**ACTION ITEM:**
Restate every record exactly as it is written, while omitting the pictures it holds.

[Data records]
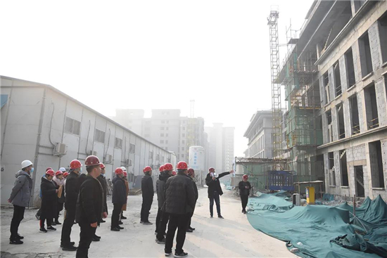 當(dāng)日上午,受院長于健委托,院領(lǐng)導(dǎo)張廣海、葉達(dá)林、王文鋒、王成坤帶領(lǐng)醫(yī)政、護理、控感等相關(guān)職能科室負(fù)責(zé)人,一行20余人到建設(shè)工地現(xiàn)場察看。施工方技術(shù)人員詳細(xì)介紹了門診樓、病房樓等各樓層的功能定位、科室布局、水暖線路等,雙方就一些細(xì)節(jié)問題進(jìn)行深入交流。
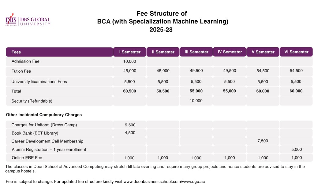 DBS Global University Dehradun BCA Machine Learning fees 2025 is ₹ 3.84 Lakhs for the entire course duration.
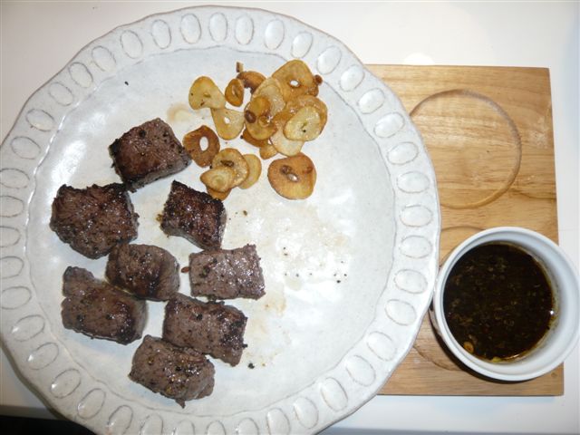ステーキを焼き終わったら、すぐに肉を取り上げ、残った肉汁にワサビと醤油を入れてソースを作る。
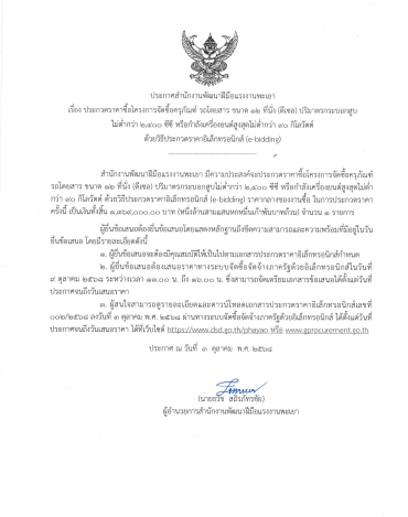 ประกาศสำนักงานพัฒนาฝีมือแรงงานพะเยา เรื่อง ประกวดราคาซื้อโครงการจัดซื้อครุภัณฑ์ รถโดยสารขนาด 12 ที่นั่ง (ดีเซล) ปริมาตรกระบอกสูบไม่ต่ำกว่า 2400 ซีซี หรือกำลังเครื่องยนต์สูงสุดไม่ต่ำกว่า 90 กิโลวัตต์ ด้วยวิธีประกวดราคาอิเล็กทรอนิกส์ (e-bidding)
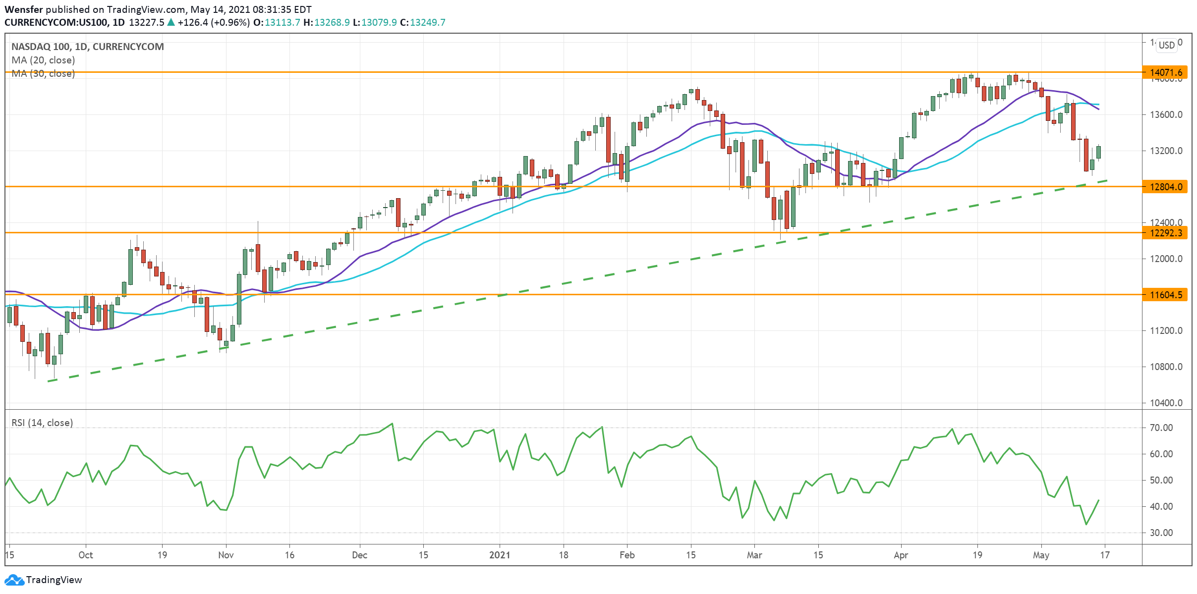 Sluggish numbers from April’s nonfarm payrolls could be the counterargument for tapering. The NASDAQ is testing the demand zone above 12800.
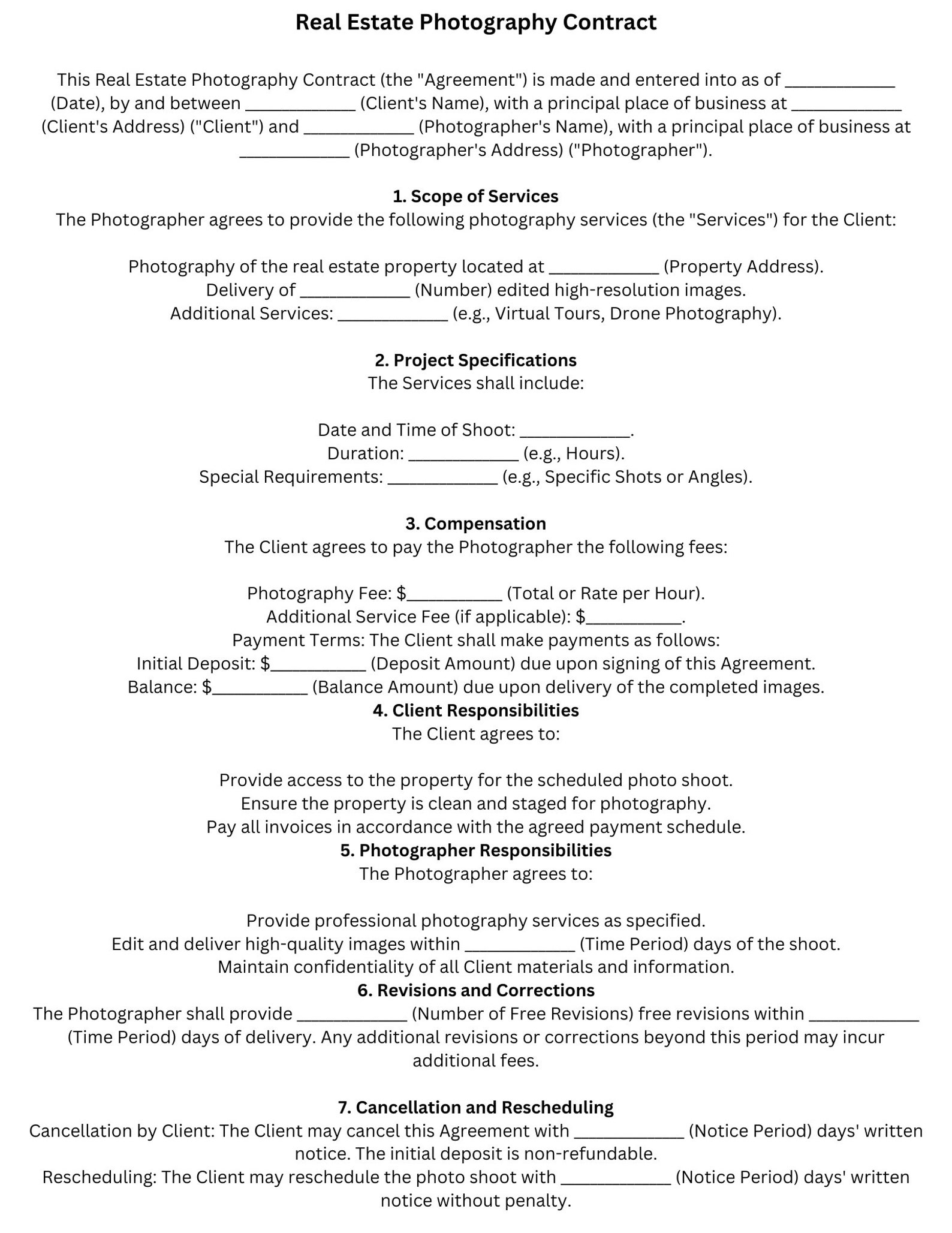 Real Estate Photography Contract Template: Fill out sign online DocHub
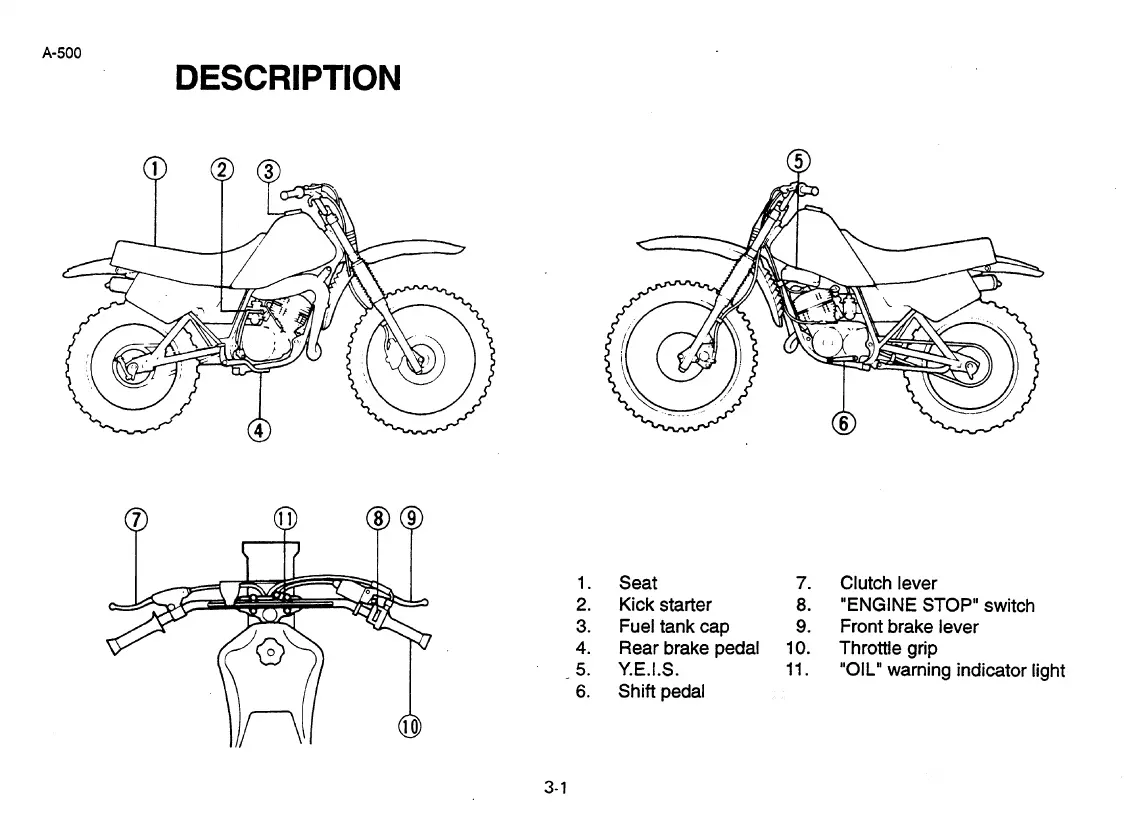 Yamaha RT180K - Description of Motorcycle Components; Component Identification List
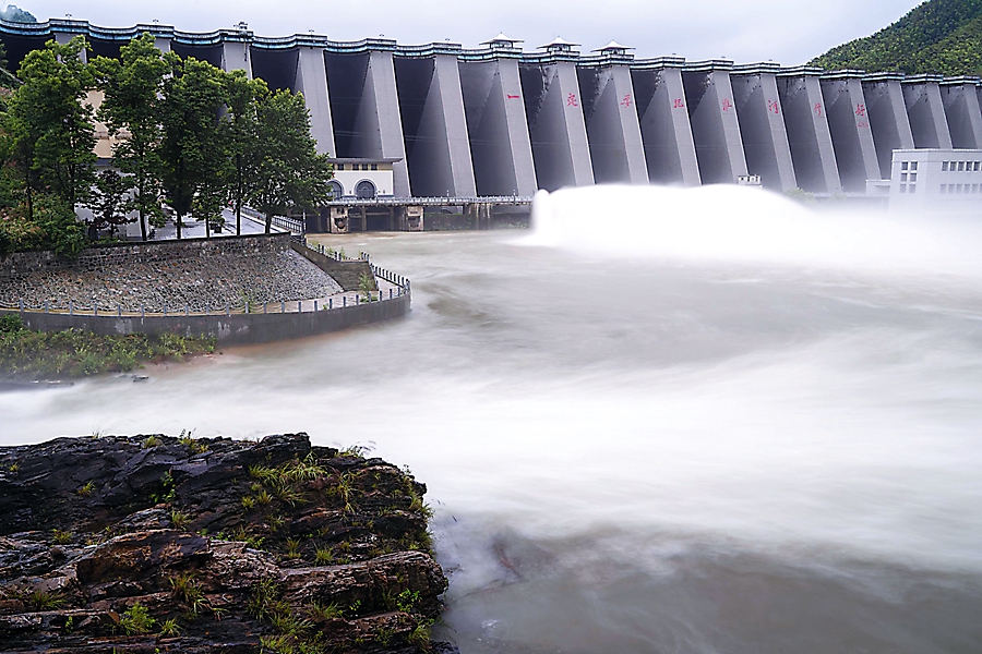 受强降雨影响,6月21日,霍山县佛子岭水库开始泄洪。通讯员 钱霞/摄
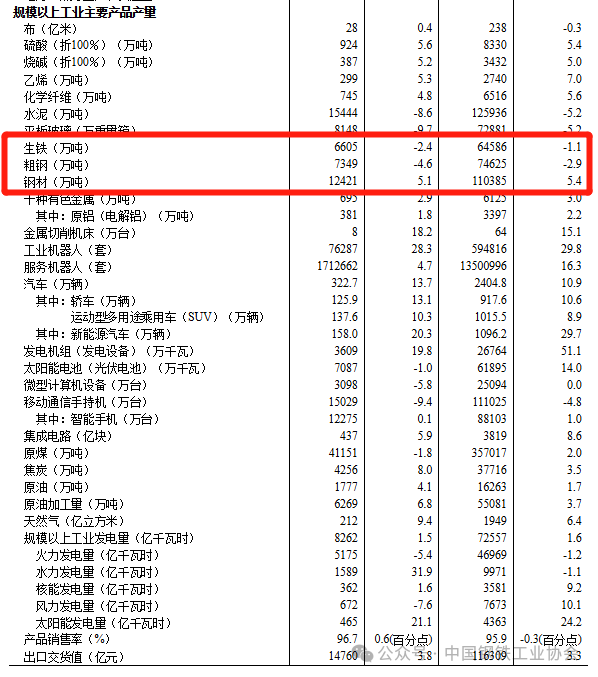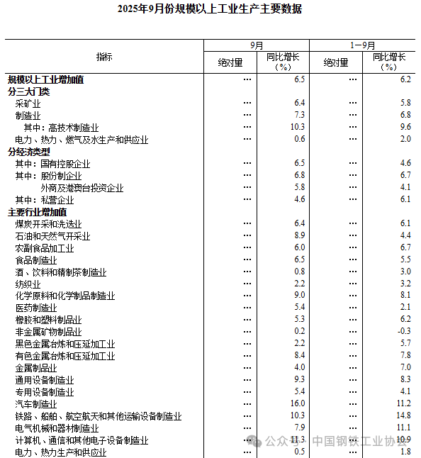 10月20日,國(guó)家統(tǒng)計(jì)局發(fā)布的數(shù)據(jù)顯示,2025年9月份,我國(guó)粗鋼產(chǎn)量7349萬(wàn)噸,同比下降4.6%;生鐵產(chǎn)量6605萬(wàn)噸,同比下降2.4%;鋼材產(chǎn)量12421萬(wàn)噸,同比增長(zhǎng)5.1%。

**WRITTEN ANSWER:**
 當(dāng)日上午,受院長于健委托,院領(lǐng)導(dǎo)張廣海、葉達(dá)林、王文鋒、王成坤帶領(lǐng)醫(yī)政、護理、控感等相關(guān)職能科室負(fù)責(zé)人,一行20余人到建設(shè)工地現(xiàn)場察看。施工方技術(shù)人員詳細(xì)介紹了門診樓、病房樓等各樓層的功能定位、科室布局、水暖線路等,雙方就一些細(xì)節(jié)問題進(jìn)行深入交流。
 DBS Global University Dehradun BCA Machine Learning fees 2025 is ₹ 3.84 Lakhs for the entire course duration.
ステーキを焼き終わったら、すぐに肉を取り上げ、残った肉汁にワサビと醤油を入れてソースを作る。
 ประกาศสำนักงานพัฒนาฝีมือแรงงานพะเยา เรื่อง ประกวดราคาซื้อโครงการจัดซื้อครุภัณฑ์ รถโดยสารขนาด 12 ที่นั่ง (ดีเซล) ปริมาตรกระบอกสูบไม่ต่ำกว่า 2400 ซีซี หรือกำลังเครื่องยนต์สูงสุดไม่ต่ำกว่า 90 กิโลวัตต์ ด้วยวิธีประกวดราคาอิเล็กทรอนิกส์ (e-bidding)
 Sluggish numbers from April’s nonfarm payrolls could be the counterargument for tapering. The NASDAQ is testing the demand zone above 12800.
 Real Estate Photography Contract Template: Fill out sign online DocHub
 Yamaha RT180K - Description of Motorcycle Components; Component Identification List
 受强降雨影响,6月21日,霍山县佛子岭水库开始泄洪。通讯员 钱霞/摄
 10月20日,國(guó)家統(tǒng)計(jì)局發(fā)布的數(shù)據(jù)顯示,2025年9月份,我國(guó)粗鋼產(chǎn)量7349萬(wàn)噸,同比下降4.6%;生鐵產(chǎn)量6605萬(wàn)噸,同比下降2.4%;鋼材產(chǎn)量12421萬(wàn)噸,同比增長(zhǎng)5.1%。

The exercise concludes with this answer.